• DATA SECTION
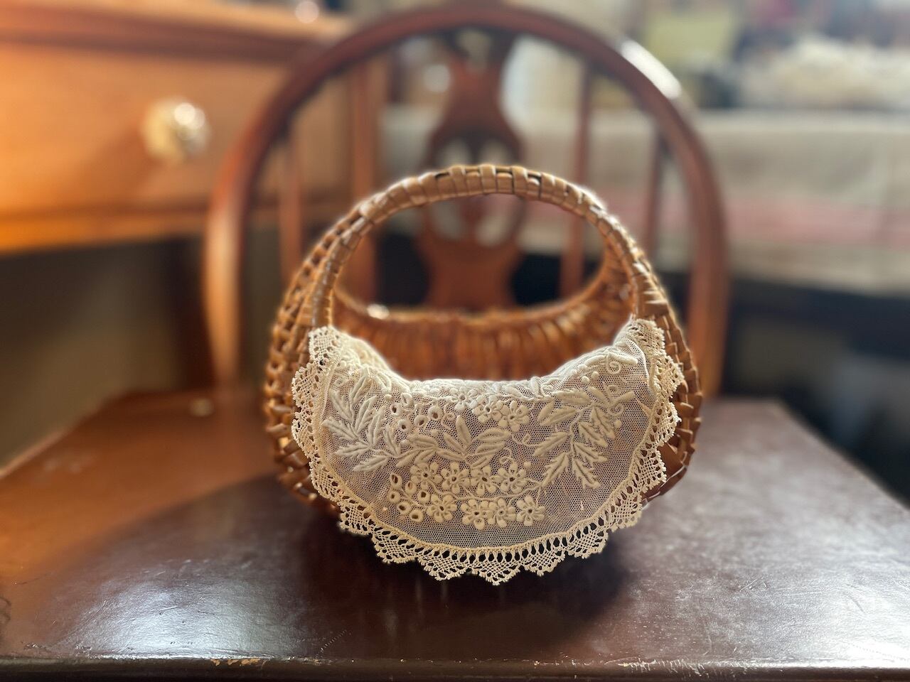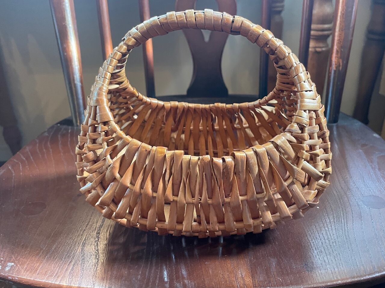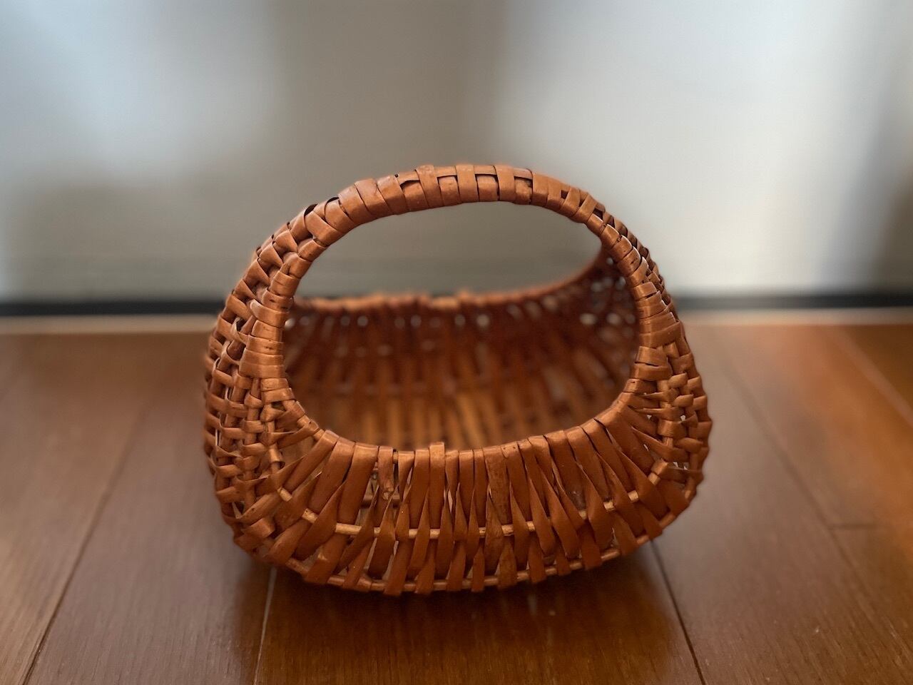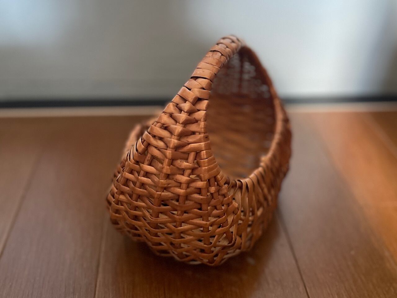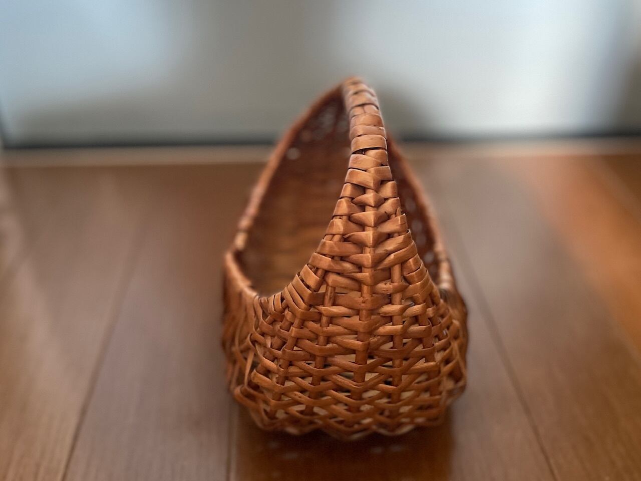 クロワッサンのような姿が可愛らしい、飴色のパニエ(バスケット)です。
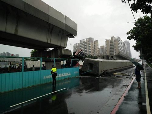 據(jù)臺(tái)灣聯(lián)合新聞網(wǎng)報(bào)道,新北市淡水區(qū)中山北路三段與濱海路一段交叉路口,正在施作的淡水捷運(yùn)輕軌工程,傳出正在吊掛的軌道掉落,現(xiàn)場(chǎng)有一臺(tái)吊車跟軌道一起翻落地面,男性吊車司機(jī)受傷,但目前意識(shí)清醒,警消趕往搶救中。(記者祁容玉)
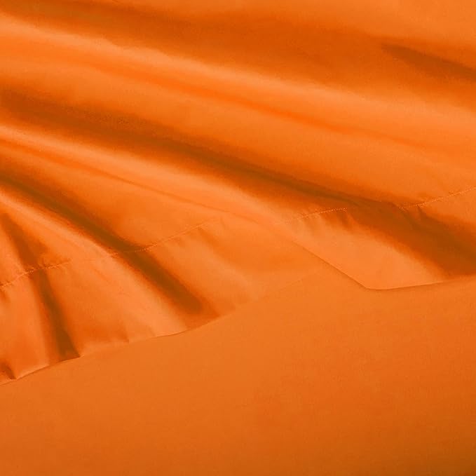 • Twin-size set in Bright Orange includes a 66 x 96-inch flat sheet, 38 x 74 x 14-inch fitted sheet, and a 20 x 30-inch pillowcase
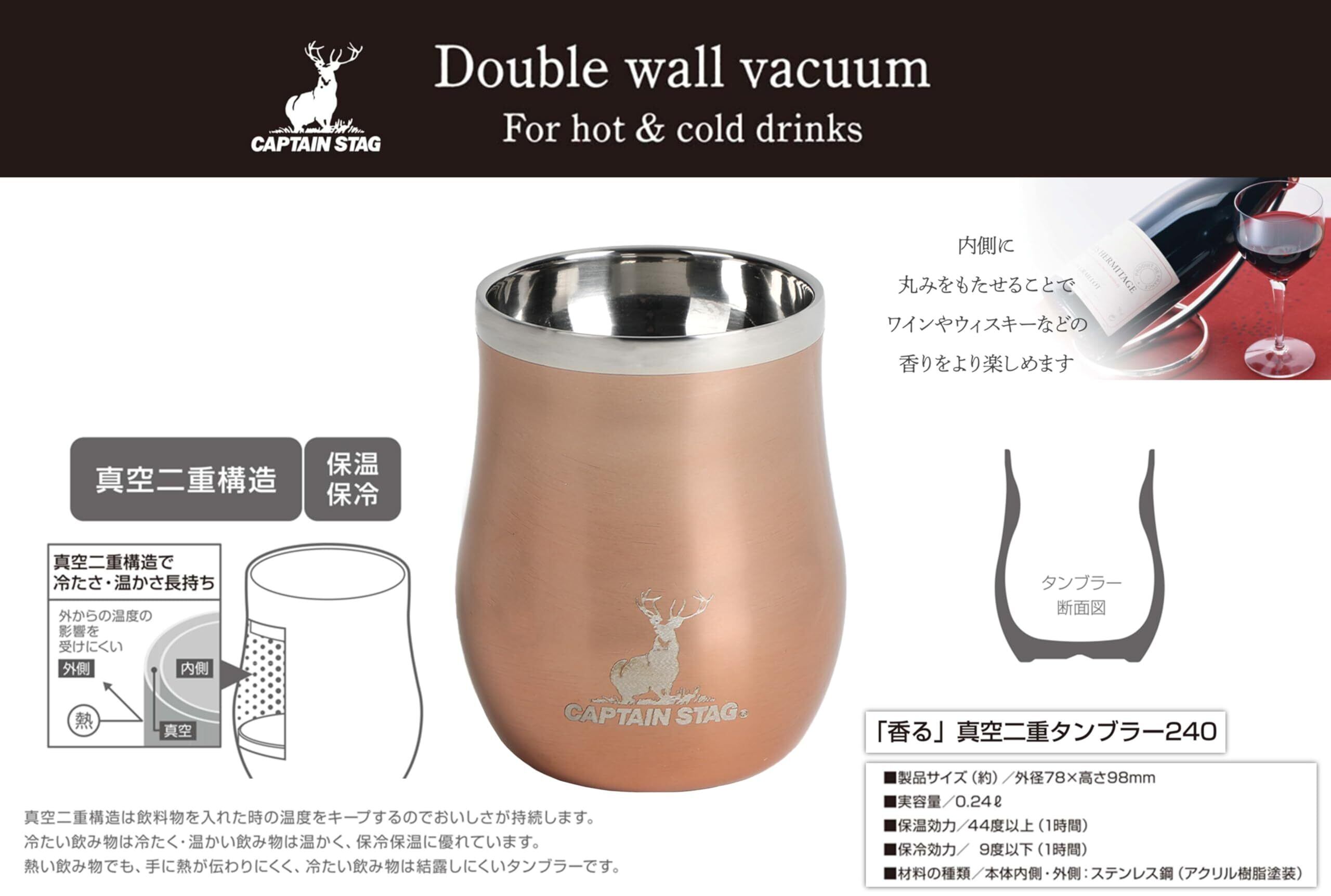 キャプテンスタッグ(CAPTAIN STAG) アウトドア コップ マグカップ マグ カップ タンブラー 香る 真空二重タンブラー 240ml 保温保冷 ステンレス製

• REQUIRED ACTION
Please write out all the data word for word, but keep every picture out.

• SOLVED EXERCISE
 クロワッサンのような姿が可愛らしい、飴色のパニエ(バスケット)です。
 據(jù)臺(tái)灣聯(lián)合新聞網(wǎng)報(bào)道,新北市淡水區(qū)中山北路三段與濱海路一段交叉路口,正在施作的淡水捷運(yùn)輕軌工程,傳出正在吊掛的軌道掉落,現(xiàn)場(chǎng)有一臺(tái)吊車跟軌道一起翻落地面,男性吊車司機(jī)受傷,但目前意識(shí)清醒,警消趕往搶救中。(記者祁容玉)
 • Twin-size set in Bright Orange includes a 66 x 96-inch flat sheet, 38 x 74 x 14-inch fitted sheet, and a 20 x 30-inch pillowcase
 キャプテンスタッグ(CAPTAIN STAG) アウトドア コップ マグカップ マグ カップ タンブラー 香る 真空二重タンブラー 240ml 保温保冷 ステンレス製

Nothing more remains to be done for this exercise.